Please note that if you apply the mod on a QCX Rev5, you have in addition to convert back to the original Rev4 circuit, ie. restore: R49, R50, C39, R53, (C21, C22 excluded) see Rev5 changes.

Change the following component values (and type of component in some cases), and wire the following component pins on the backside PCB (some pins must be disconnected from the pad):

  1. To implement the SDR receiver: R11,12,R14,R15,17,27,29,59,IC10 (remove); IC6-10,R11-40,R59-60,C9-24,C52-53,D5,Q7 (optionally omit on new builds); change R7,10(82k); C4,C7(1nF); wire IC2(pin15) to IC10(pin1); disconnect R50(5V pin) pin and R52(5V pin) and both wire to IC2(pin21); disconnect pin C39(to R27/R29) and wire to IC5(pin1); disconnect pin C40(to IC10) and wire to IC5(pin7). Rationale: This will feed the amplified I/Q signals to the ADC0, ADC1 input, biased at 0.5*VAREF(=1.1 or 2.5V), the rest of the receiver will be handled in software and audio output is realised on PB1.
  2. To implement the SSB transmitter: change D4,R56 (10k); R58 (.22uF); C32 (10uF); C31 (remove); wire IC2(pin21) to pin R57(to DVM-pin3); wire IC2(pin20) to DVM(pin2); wire IC2(pin18) to junction D4-C42-R58. Rationale: This will bias the mic input (at DAH line) with 5V and pass the audio to ADC2, biased at AREF/2 V; the key-shaping circuit is digitally switching the voltage supply to the PA (or alternatively directly controlled via PA biasnote 3).
  3. To implement multiband support: C1,C5,C8,T1,R64 (remove); at T1 landing pattern (see QCX Assembly instruction page 53) install R (1K) over 6-8; R (1K) over 3-4; C (10nF) over 4-8; C30 (30pF); L4 (1uH/16t); replace C25-28,L1-L3 with different LPFs as you wish. Rationale: The resonant elements and the transformer are replaced with a pass-through capacitor.
  4. Upload the hex firmware-file to original or new ATMEGA328/328P chip (here is latest released hex file and click on "Assets" below the description). The standard QCX firmware upload procedure can be followed (for details note 1). You can safely switch between this/original QCX firmware without any issues. The fuse settings should be E=FD H=D1 L=F7.
  5. Connect an electret microphone pins (+) to tip and (-) to sleeve of paddle-jack; PTT-switch pins to ring and sleeve (see X1M-mic).
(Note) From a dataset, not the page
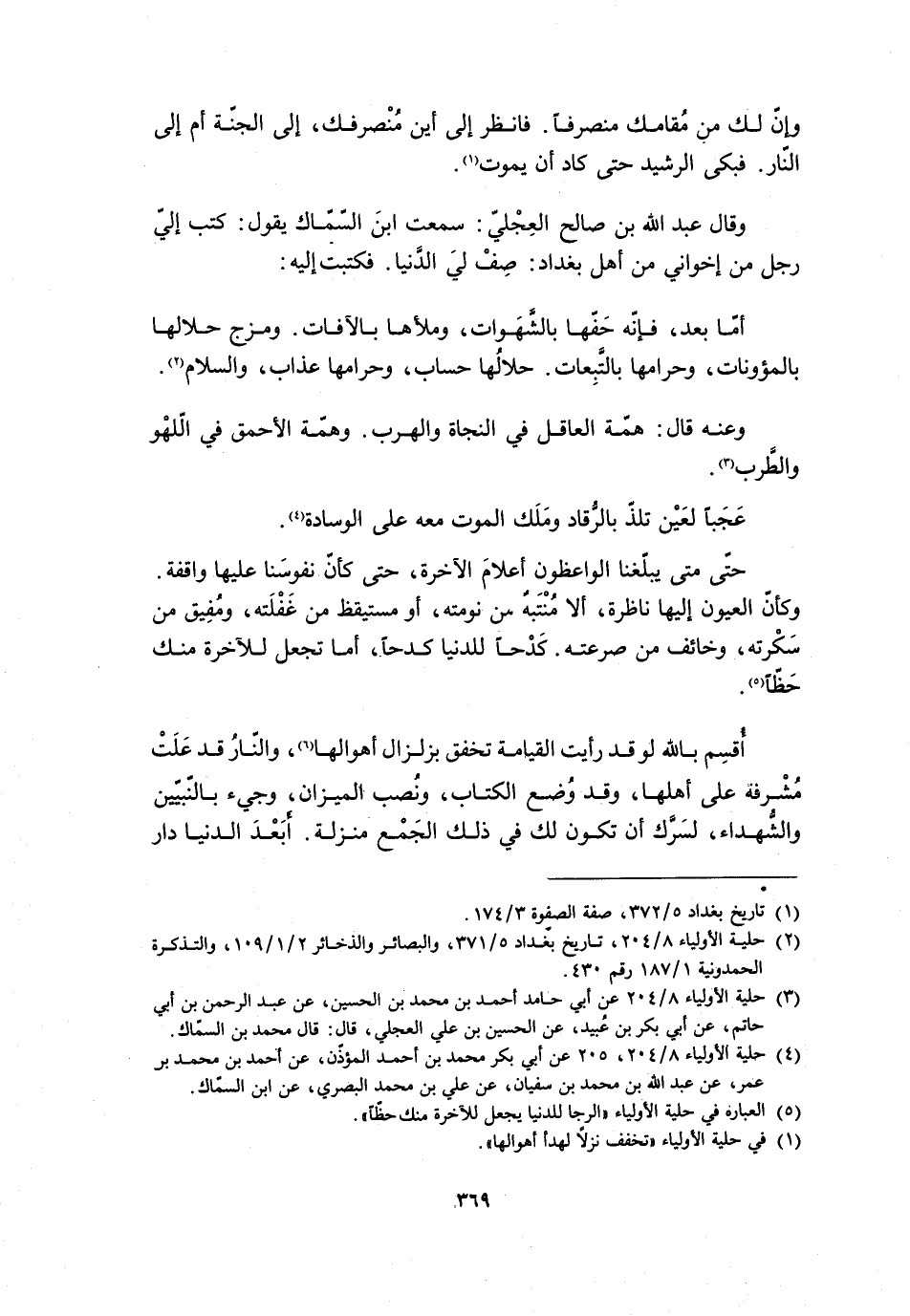 [2] حلية الأولياء 8/ 204، تاريخ بغداد 5/ 371، والبصائر والذخائر 2/ 1/ 109، والتذكرة الحمدونية 1/ 187 رقم 430.

Below the layout with components marked in red that needs to be changed; gray components must be installed and blank components may be omitted and some must be remove (see above): layout

Below the wires that needs to be installed on the bottom PCB. Note that a circle represents resistor R50/R52 that is in series with the wire and the pad at which the circle is drawn (the resistor is no longer connected to its original neighbour pad and its probably the best to place this wiring and resistor at the components side): pcb

Operation:

Currently, the following functions have been assigned to shortcut buttons (L=left, E=encoder, R=right) and menu-items:

Menu Item Function Shortcut
1.1 Volume Audio level (0..16) & power-off/on E +turn
1.2 Mode Modulation (LSB, USB, CW, AM, FM) R
1.3 Filter BW Audio passband (Full, 300..4000, 300..2500, 300..1700, 200, 100 Hz) R double
1.4 Band Band-switch to pre-defined FT8 freqs (80,60,40,30,20,17,15,12,10,6,4m) E double
1.5 Tuning Rate Tuning step size 10M, 1M, 0.5M, 100k, 10k, 1k, 0.5k, 100, 10, 1 E or E long
1.6 AGC Automatic Gain Control (ON, OFF)
1.7 NR Noise-reduction level (0-8), load-pass & smooth
1.8 ATT Analog Attenuator (0, -13, -20, -33, -40, -53, -60, -73 dB)
1.9 ATT2 Digital Attenuator in CIC-stage (0-16) in steps of 6dB
1.10 S-meter Type of S-Meter (OFF, dBm, S, S-bar)
2.1 CW Decoder Enable/disable CW Decoder (ON, OFF)
3.1 VOX Voice Operated Xmit (ON, OFF) R long
3.2 VOX Level Audio threshold of VOX (0-255)
3.3 MOX Monitor on Xmit (audio unmuted during transmit)
3.4 TX Drive Transmit audio gain (0-8) in steps of 6dB, 8=constant amplitude for SSB
8.1 Ref freq Actual si5351 crystal frequency, used for frequency-calibration
8.2 PA Bias min KEY_OUT PWM level (0-255) for representing 0% RF output
8.3 PA Bias max KEY_OUT PWM level (0-255) for representing 100% RF output
9.1 Sample rate for debugging, testing and experimental purpose
9.2 CPU load for debugging, testing and experimental purpose
9.3 Param A for debugging, testing and experimental purpose
9.4 Param B for debugging, testing and experimental purpose
9.5 Param C for debugging, testing and experimental purpose
main Frequency (20kHz..99MHz) turn
main Quick menu L +turn
main Menu enter L
menu Menu back R

Operating Instructions:

Tuning can be done by turning the rotary encoder. Its step size can be decreased or increased by a short or long press. A change of band can be done with a double press. The mode of operation is altered with a short press on the right button; this can be combined with changing S4 to change between wide-band (SSB) and small-band operation operation.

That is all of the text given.